# some advice please



## ianh9 (Aug 18, 2011)

hi 
i was wondering if i could get some advice on how much i would earn as an electrician just a rough guide and if that would be enough to live on for rent food ect i am single so just need enough for one


----------



## topcat83 (Apr 16, 2009)

ianh9 said:


> hi
> i was wondering if i could get some advice on how much i would earn as an electrician just a rough guide and if that would be enough to live on for rent food ect i am single so just need enough for one


Hi there

Look at SEEK - New Zealand's no.1 jobs, employment, career and recruitment site - it will give you an idea of salaries


----------



## kiwigser (Mar 1, 2011)

ianh9 said:


> hi
> i was wondering if i could get some advice on how much i would earn as an electrician just a rough guide and if that would be enough to live on for rent food ect i am single so just need enough for one


Also look at :

http://www2.careers.govt.nz/who_earns_what.html?gclid=CIXE7f66uqYCFQEGbAodWCXWGw


----------



## Donna9159 (Sep 7, 2011)

ianh9 said:


> hi
> i was wondering if i could get some advice on how much i would earn as an electrician just a rough guide and if that would be enough to live on for rent food ect i am single so just need enough for one


Hi,

My brother just arrived here (Bay of Plenty) and he found a job easily. He makes around $60k but plans on going out on his own as he will likely make twice that.

He got his job through the immigration consultants that did his visa I believe They have also helped him with accommodation and a bunch of other things.
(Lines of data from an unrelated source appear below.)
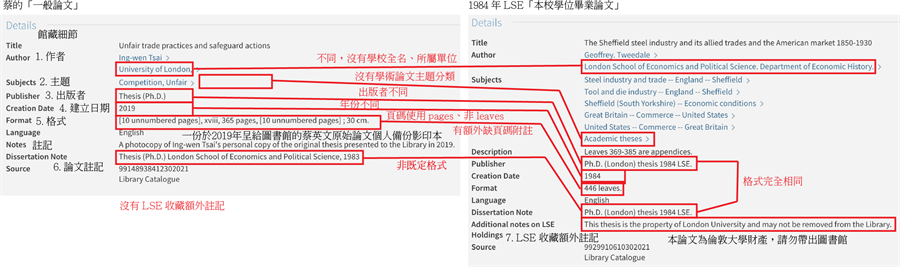 據台灣《中時電子報》報道,名為“biolenz”的網友日前交叉查證蔡英文倫敦政經學院(LSE)博士論文,經過比對該學院近40年的博士畢業論文,發現這些論文在圖書館細節字段 (Details) 部分有一個既定格式。如果仔細比對這些細節會發現“本校學位畢業論文”的記載方式與一般“他校學位畢業論文”及“一般論文”有所不同。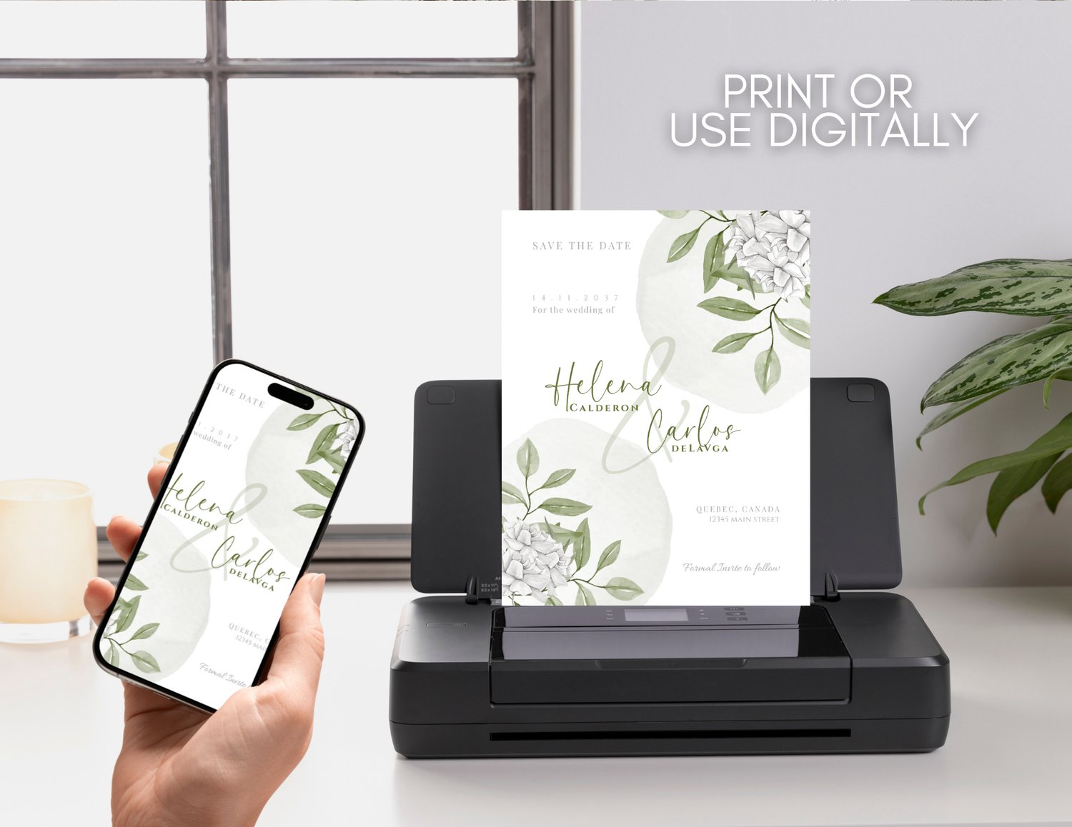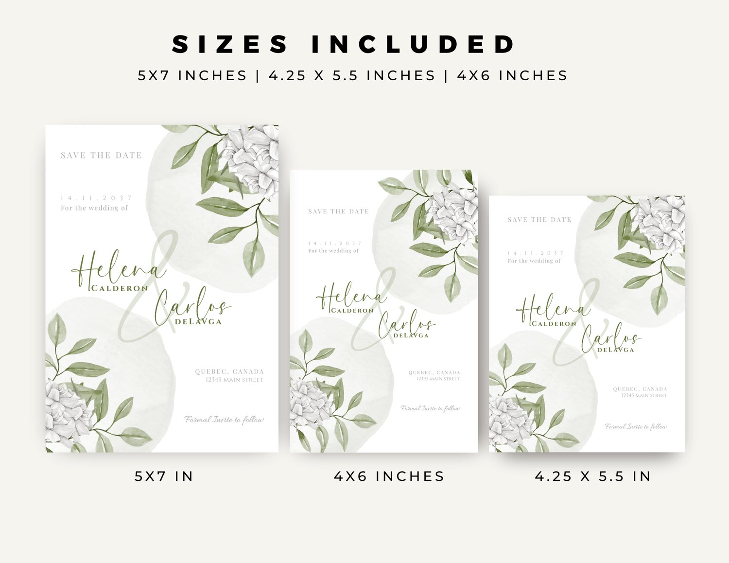 Announce your wedding with natural elegance and effortless charm using this Greenery & White Floral Save the Date Template. Hand-painted botanical illustrations pair with soft watercolor textures and modern script typography, creating a timeless balance of freshness and sophistication. The subtle green tones and delicate white florals make this design ideal for couples who love understated beauty and organic detail, a look that feels refined yet deeply romantic.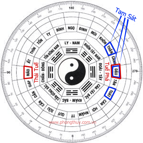 Vào năm, tháng Tỵ, Dậu, Sửu mà gặp Dần, Mão, Thìn là phạm Tam sát.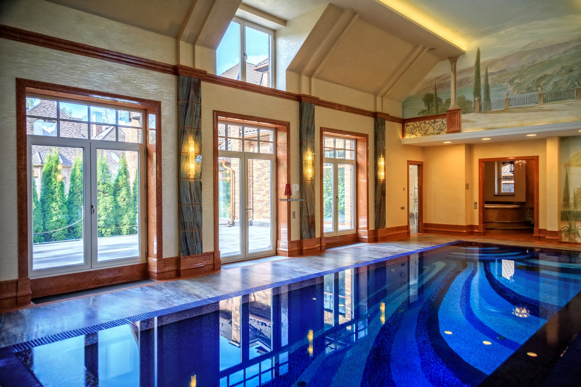 Бассейн расположен в пристройке и имеет панорамное остекление. Оконные проемы оформлены мрамором, фризы украшены ручной росписью.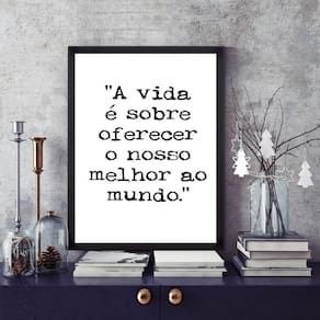 Quadro oferecer o melhor ao mundo 24x18cm - com vidro Cor: moldura preta Informações do produto tire todas as suas dúvidas no descritivo abaixo: decoração para quarto, sala, cozinha, escritório, área gourmet e muito mais. Chega de paredes vazias medidas - cada peça tem 24x18cm a5 . Material do papel - papel fotográfico brilhante de altíssima resolução acabamento - todos os quadros são acompanhados de vidro para proteção da imagem. - moldura em madeira maciça na cor preta ou branca conforme produto escolhido e pendurador . - os quadros são embalados de forma segura com plástico bolha com camada dupla de acordo com o tamanho dos quadros. Garantia - garantia de 3 meses. Meu quadro chegou. Como posso fixá-lo Você precisa apenas de um martelo e um prego, pois os quadros já vão acompanhados de penduradores. Esta é a forma mais indicada. Como posso limpar meu quadro A limpeza é feita como um móvel comum da sua casa. Apenas um pano seco ou espanador são suficientes para tal

They also got him here really quickly.

If you need any help, I can get their information for you.

You will love it here...wonderful place.

Donna


----------



## wazza2222 (Sep 7, 2011)

*Job seeker*

Try 

dub dub dub .trademe.co.nz/jobs/trades-services/electrical

Likely the most useful website for everything in NZ, trademe is our 'craigs list' 

Most of my mates who trained as electricians have since left the trade as it is a pawn to the property developers (who are currently in recession) 
The ones who struck out on their own took the risk of not getting paid by the white and blue collar criminals who ran these fly by night operations.

Don't mean to be a downer but, be warned! NZ has very weak laws and enforcement regarding corporate crime and people not paying their bills I'm afraid... sometime wages are the way to go.

Regards
Wazza


----------



## King_of_the_ring (Sep 6, 2011)

Hey Donna,

I am interested in getting information about the recruiter stuff, can u post me in a pvt. message? Thanks in advance. I tried to send u the msg but it was not getting through due to BB pin issue.


----------



## Donna9159 (Sep 7, 2011)

King_of_the_ring said:


> Hey Donna,
> 
> I am interested in getting information about the recruiter stuff, can u post me in a pvt. message? Thanks in advance. I tried to send u the msg but it was not getting through due to BB pin issue.


Hi, I don't know how to do a private message but you can contact me on my email which is _[Deleted - personal email addresses are't allowed]_


----------